### [What you are asked to do]
Please repeat, from the entries that follow, the lines from the one containing "最近,駐馬店市公安局驛城分局" through the one containing "主刀医生坐在手术室的角落中,精准操作手术" exactly, adding nothing.

### [Entries provided]
■ ■ ■ ■ ■

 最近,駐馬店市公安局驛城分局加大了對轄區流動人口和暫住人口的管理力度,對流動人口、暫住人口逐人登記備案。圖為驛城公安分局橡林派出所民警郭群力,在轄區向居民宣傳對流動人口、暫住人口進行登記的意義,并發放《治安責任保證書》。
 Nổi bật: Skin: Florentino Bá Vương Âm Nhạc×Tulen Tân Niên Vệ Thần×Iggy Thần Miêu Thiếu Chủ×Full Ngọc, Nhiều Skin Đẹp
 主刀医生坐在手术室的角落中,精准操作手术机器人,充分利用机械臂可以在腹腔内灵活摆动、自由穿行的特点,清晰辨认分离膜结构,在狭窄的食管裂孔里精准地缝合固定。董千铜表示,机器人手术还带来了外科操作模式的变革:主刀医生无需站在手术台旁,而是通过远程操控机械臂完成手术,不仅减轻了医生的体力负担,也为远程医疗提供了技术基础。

■ ■ ■ ■ ■

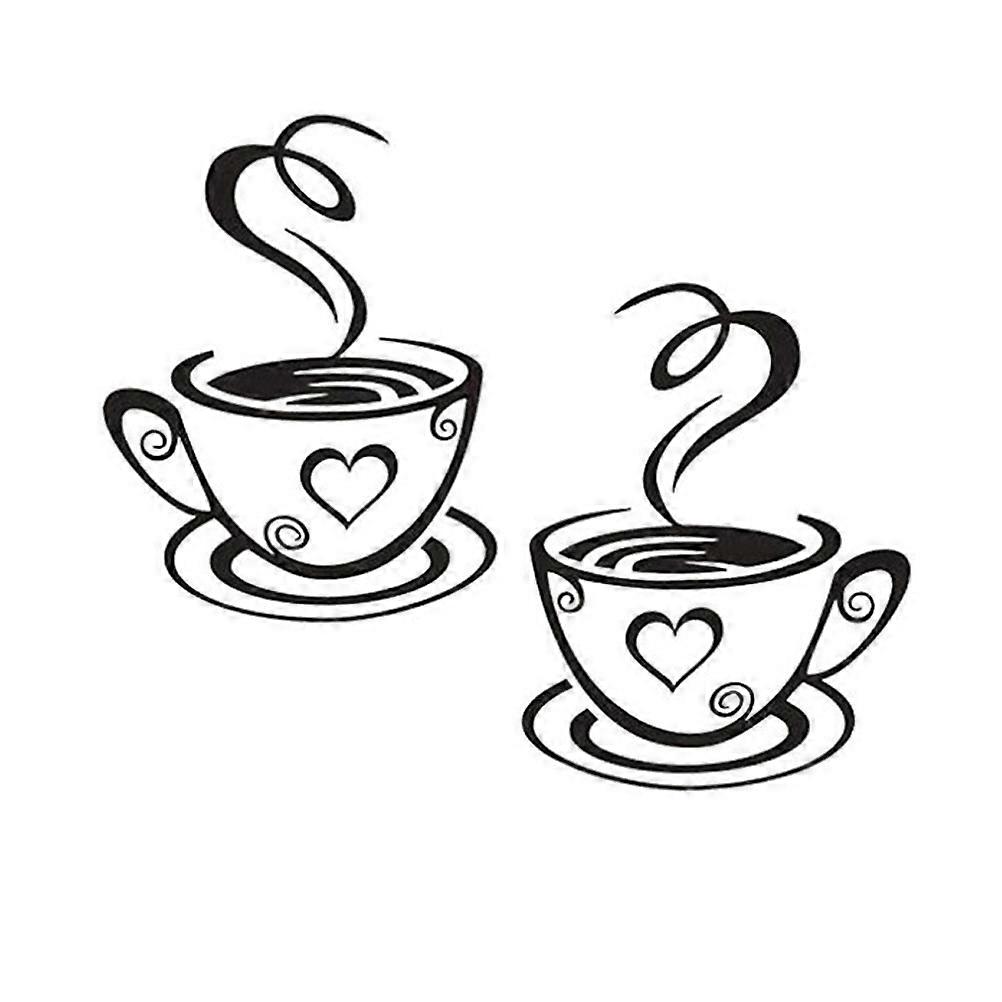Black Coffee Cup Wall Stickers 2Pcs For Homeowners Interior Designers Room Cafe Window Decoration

■ ■ ■ ■ ■

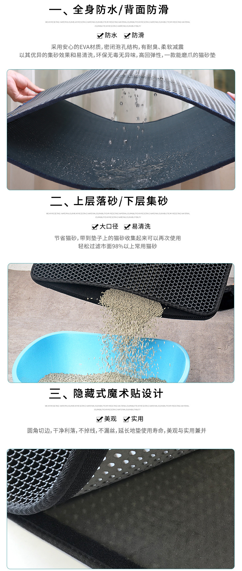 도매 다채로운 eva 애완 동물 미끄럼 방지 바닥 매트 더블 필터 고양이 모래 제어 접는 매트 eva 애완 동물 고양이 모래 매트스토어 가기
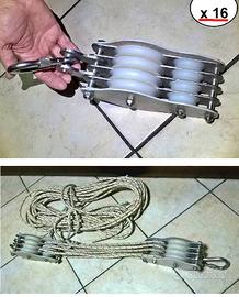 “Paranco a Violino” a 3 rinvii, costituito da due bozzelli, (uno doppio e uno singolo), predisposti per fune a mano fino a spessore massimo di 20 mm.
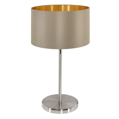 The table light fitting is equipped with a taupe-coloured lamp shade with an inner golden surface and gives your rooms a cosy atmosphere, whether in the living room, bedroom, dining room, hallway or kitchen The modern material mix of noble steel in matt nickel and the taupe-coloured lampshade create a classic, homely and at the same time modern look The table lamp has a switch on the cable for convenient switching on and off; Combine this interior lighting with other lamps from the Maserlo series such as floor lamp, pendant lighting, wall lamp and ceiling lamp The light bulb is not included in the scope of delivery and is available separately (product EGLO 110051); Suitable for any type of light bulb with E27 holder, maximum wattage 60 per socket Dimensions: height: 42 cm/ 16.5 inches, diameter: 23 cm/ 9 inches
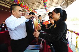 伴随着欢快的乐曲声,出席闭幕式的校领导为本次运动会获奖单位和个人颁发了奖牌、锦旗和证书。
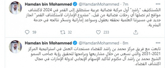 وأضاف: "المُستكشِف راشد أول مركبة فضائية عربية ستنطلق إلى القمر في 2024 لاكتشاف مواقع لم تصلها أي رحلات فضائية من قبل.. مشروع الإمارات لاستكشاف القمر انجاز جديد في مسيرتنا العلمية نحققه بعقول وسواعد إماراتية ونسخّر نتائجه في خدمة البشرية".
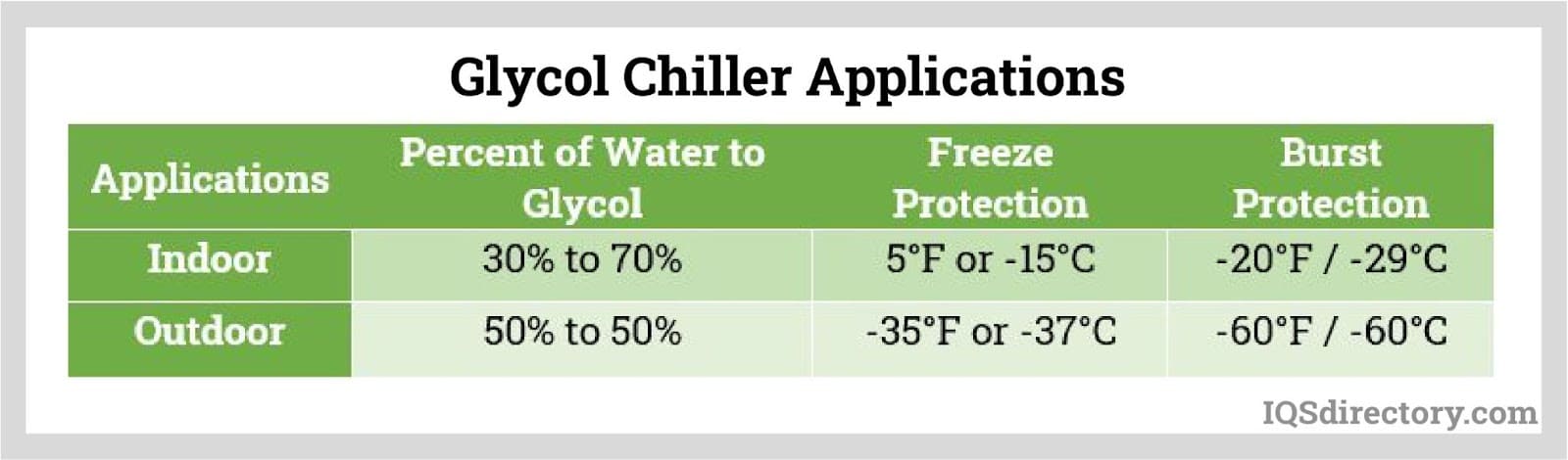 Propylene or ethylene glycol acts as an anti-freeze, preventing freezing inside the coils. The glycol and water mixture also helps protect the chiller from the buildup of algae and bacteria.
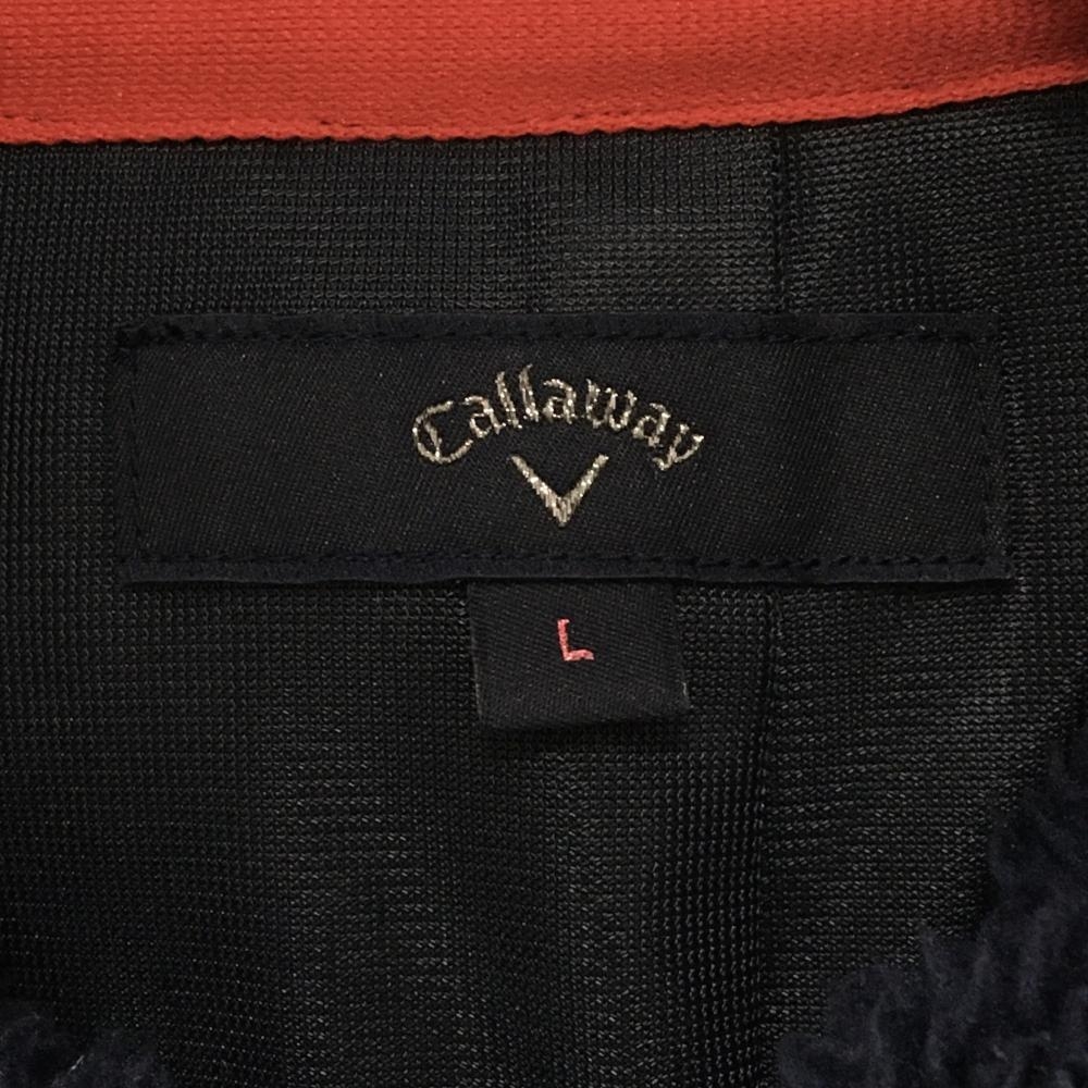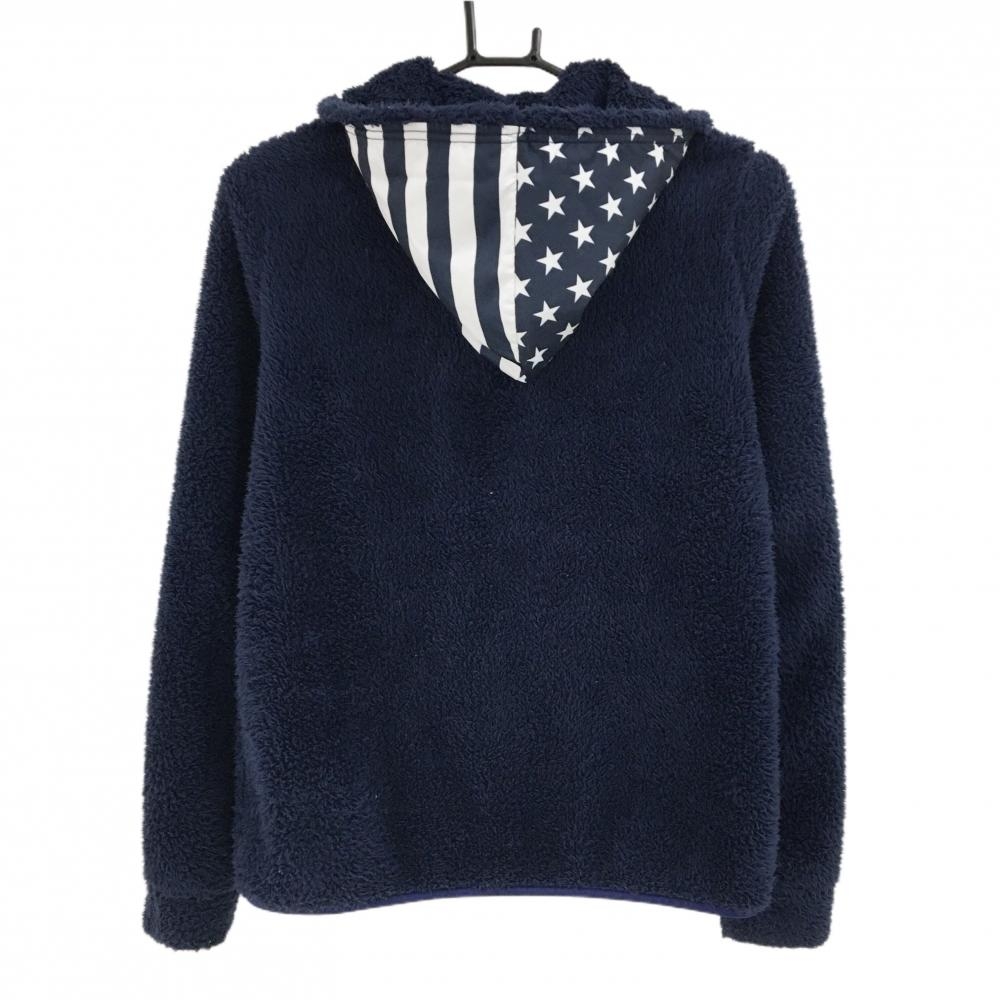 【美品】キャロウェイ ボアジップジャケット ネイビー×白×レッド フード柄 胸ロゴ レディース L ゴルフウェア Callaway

■ ■ ■ ■ ■

### [Exercise solution]
 最近,駐馬店市公安局驛城分局加大了對轄區流動人口和暫住人口的管理力度,對流動人口、暫住人口逐人登記備案。圖為驛城公安分局橡林派出所民警郭群力,在轄區向居民宣傳對流動人口、暫住人口進行登記的意義,并發放《治安責任保證書》。
 Nổi bật: Skin: Florentino Bá Vương Âm Nhạc×Tulen Tân Niên Vệ Thần×Iggy Thần Miêu Thiếu Chủ×Full Ngọc, Nhiều Skin Đẹp
 主刀医生坐在手术室的角落中,精准操作手术机器人,充分利用机械臂可以在腹腔内灵活摆动、自由穿行的特点,清晰辨认分离膜结构,在狭窄的食管裂孔里精准地缝合固定。董千铜表示,机器人手术还带来了外科操作模式的变革:主刀医生无需站在手术台旁,而是通过远程操控机械臂完成手术,不仅减轻了医生的体力负担,也为远程医疗提供了技术基础。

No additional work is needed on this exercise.